• **Prompt**
Line by line, repeat the material below exactly and skip the images.

• **Data provided**
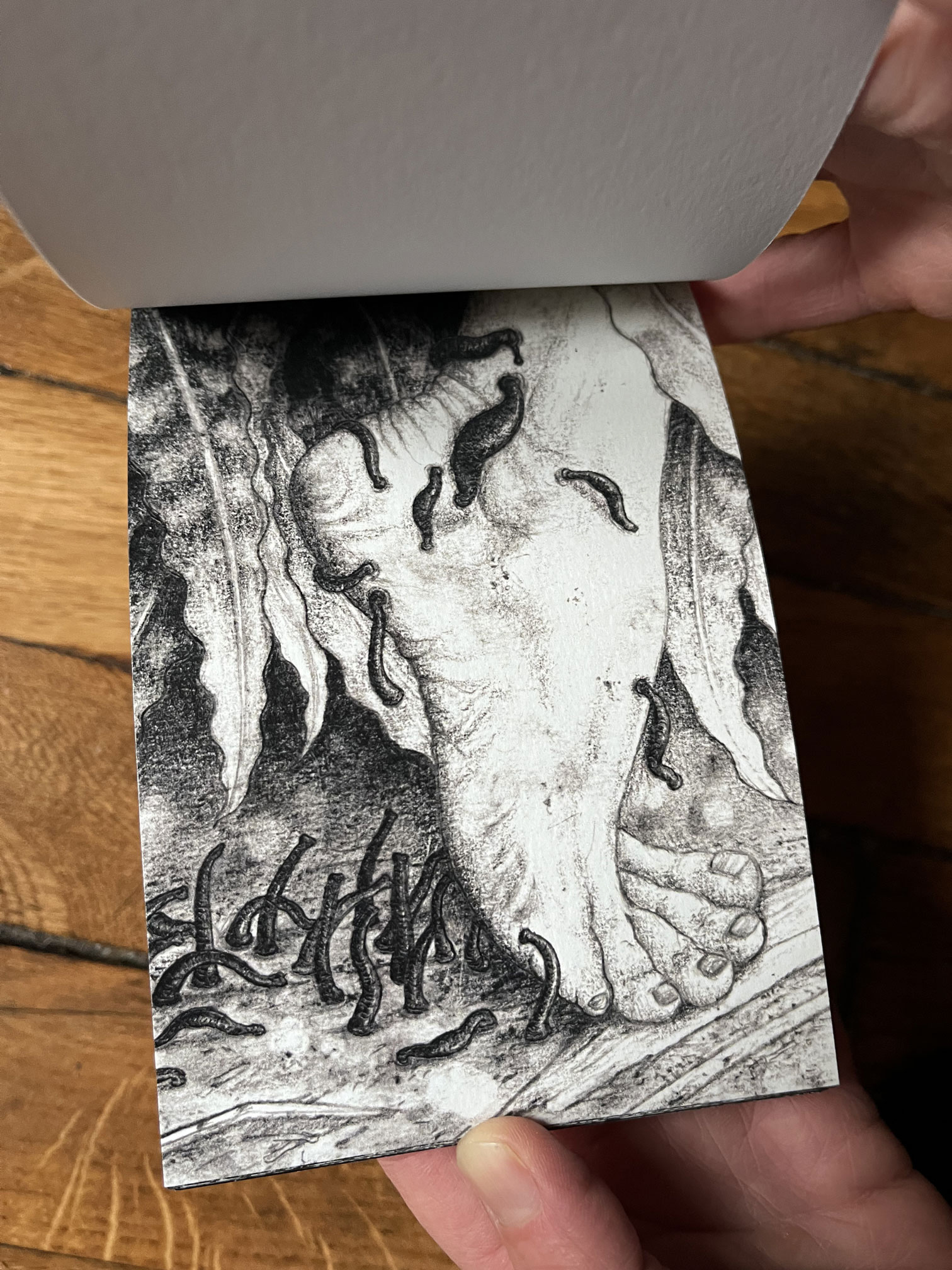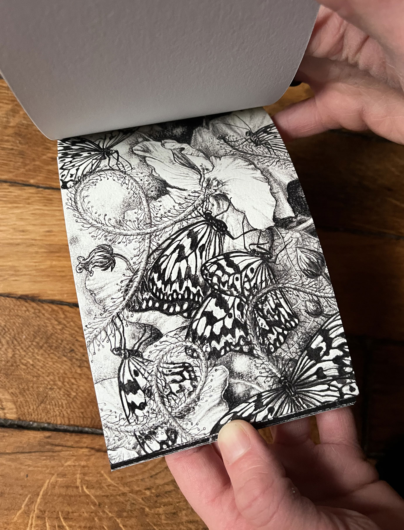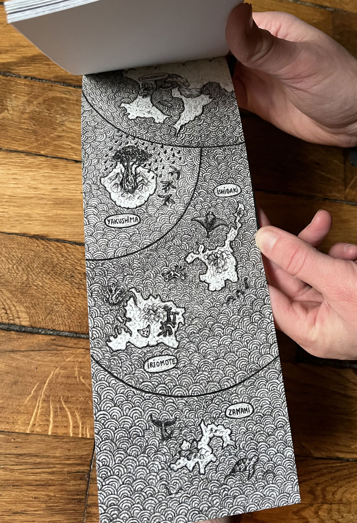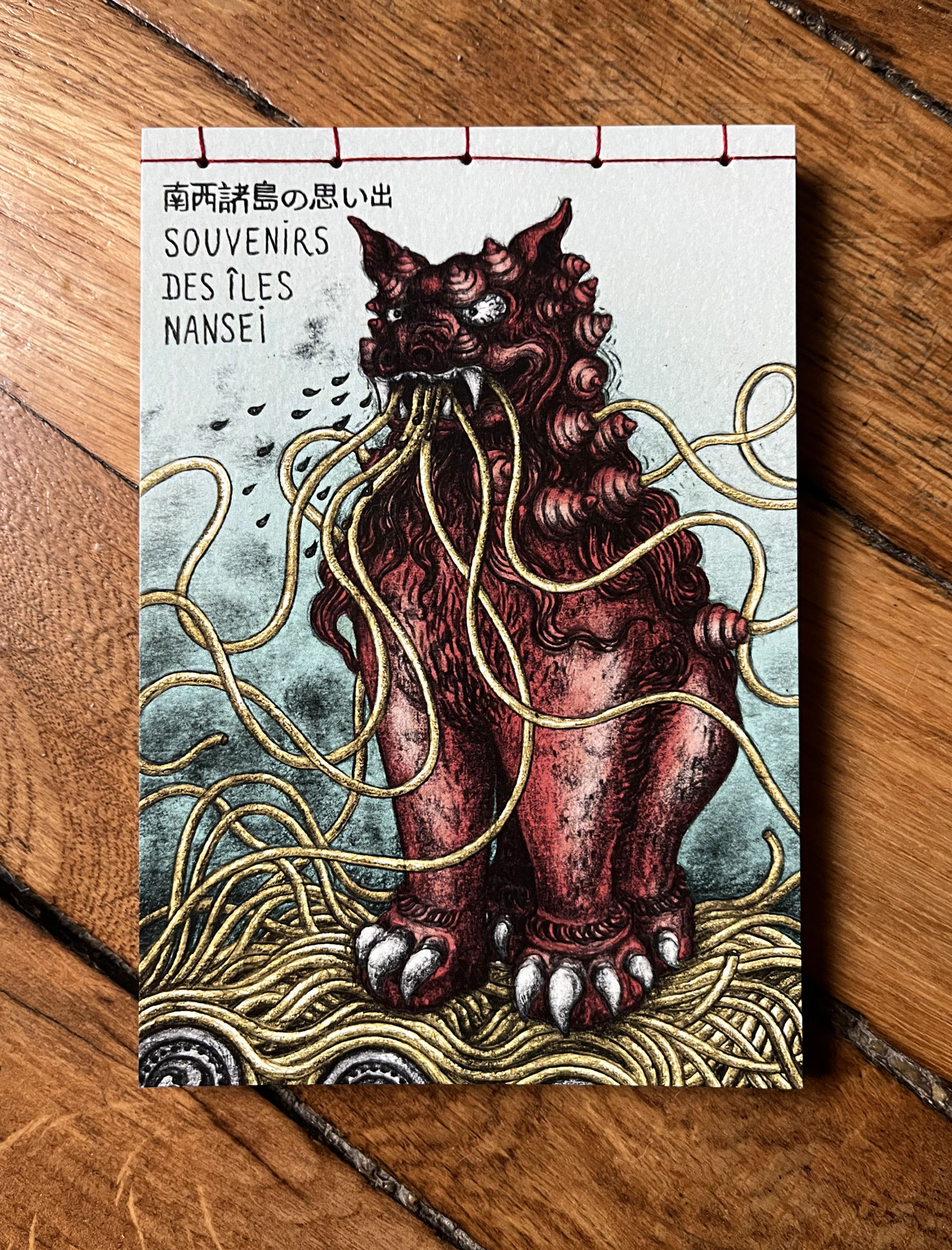 Impressions et réminiscences d’un voyage à travers le Japon tropical. Second tirage du mini-zine édité par l’Orbise en 2024. Carnet de 22 pages, format A6, papier 270g, relié à la main. 100 exemplaires numérotés.
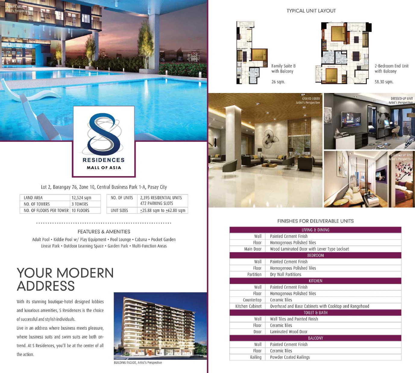 With its stunning boutique hotel-styled lobbies and luxurious amenities, S Residences is a condominium in Pasay within the MoA complex that perfectly fits successful and stylish individuals. Here, business meets pleasure in the best way.
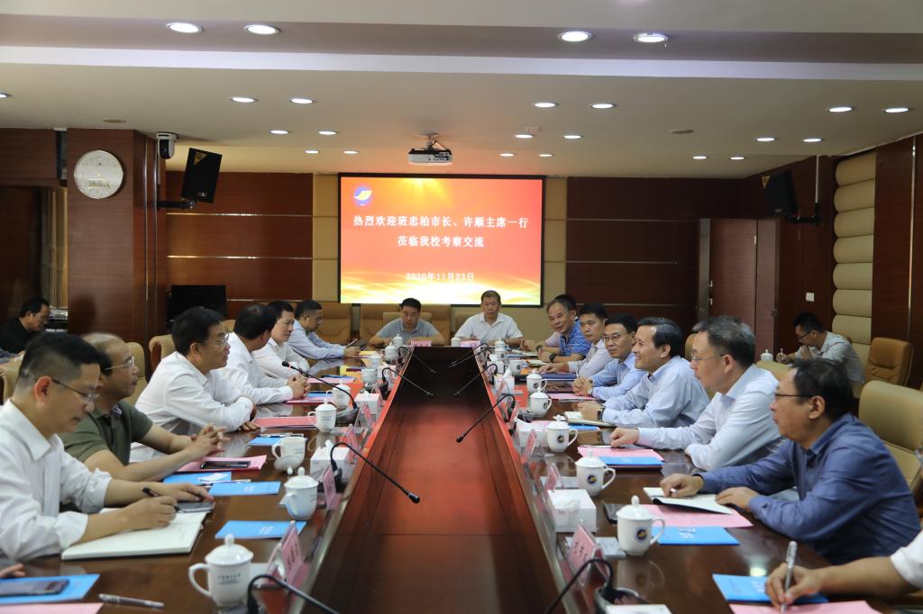 11月23日下午,防城港市市长班忠柏率自然资源局、政府发展研究中心、投资促进局、农业农村局等部门负责人一行到今年会官网调研交流。湛江市政协主席许顺、副主席沈耀等陪同调研。校长潘新祥、党委副书记彭权群及相关部门、学院负责人热情接待了班忠柏一行。双方在湖光校区行政楼举行了座谈会。
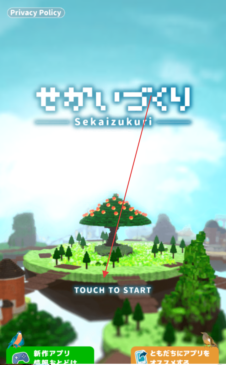1、点击“TOUCHTOSTART”,进入游戏,开启世界创造之旅,打造属于你的世界。

• **Answer to this problem**
 Impressions et réminiscences d’un voyage à travers le Japon tropical. Second tirage du mini-zine édité par l’Orbise en 2024. Carnet de 22 pages, format A6, papier 270g, relié à la main. 100 exemplaires numérotés.
 With its stunning boutique hotel-styled lobbies and luxurious amenities, S Residences is a condominium in Pasay within the MoA complex that perfectly fits successful and stylish individuals. Here, business meets pleasure in the best way.
 11月23日下午,防城港市市长班忠柏率自然资源局、政府发展研究中心、投资促进局、农业农村局等部门负责人一行到今年会官网调研交流。湛江市政协主席许顺、副主席沈耀等陪同调研。校长潘新祥、党委副书记彭权群及相关部门、学院负责人热情接待了班忠柏一行。双方在湖光校区行政楼举行了座谈会。
1、点击“TOUCHTOSTART”,进入游戏,开启世界创造之旅,打造属于你的世界。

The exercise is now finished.